What is the Crime of Intimidation of a Witness? (PC 136.1)
The crime of intimidating a witness requires proof that the defendant maliciously tried to or succeeded in preventing a witness from giving testimony or making a report of a crime. The conduct has to be done on purpose Knowingly and Maliciously: The individual accused of the offense must have the intent to knowingly and maliciously prevent or dissuade a victim, witness, or informant.
Preventing or Dissuading: This can involve threats, force, intimidation, or any other unlawful means aimed at preventing or dissuading the person from attending or giving testimony in a legal proceeding.

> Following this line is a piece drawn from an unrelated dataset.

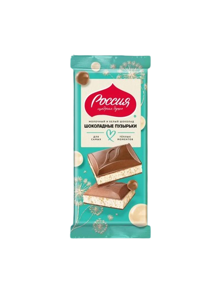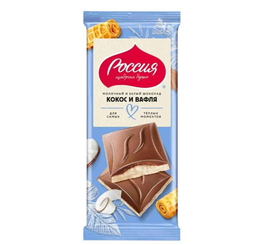 Молочный и белый шоколад Россия - Щедрая душа! с кокосовой стружкой и вафлей, 75 г

Borderline cases arise when the phrasing of the request not to report or not to testify is couched in non-confrontational terms but carries what the prosecution argues is an implied threat.
A violation of Penal Code section 136.1(a) or (b) is a felony or a misdemeanor. The highest sentence is three years in state prison. If the defendant is also charged with one of the sentencing factors in Penal Code section 136.1(c), then the offense is a felony punishable by two, three, or four years.
The subsection (c) additional harm factors are:
(1) Where the act is accompanied by force or by an express or implied threat of force or violence, upon a witness or victim or any third person or the property of any victim, witness, or any third person.
(2) Where the act is in furtherance of a conspiracy.
(3) Where the act is committed by any person who has been convicted of any violation of this section, any predecessor law hereto or any federal statute or statute of any other state which, if the act prosecuted was committed in this state, would be a violation of this section.
(4) Where the act is committed by any person for pecuniary gain or for any other consideration acting upon the request of any other person. All parties to such a transaction are guilty of a felony.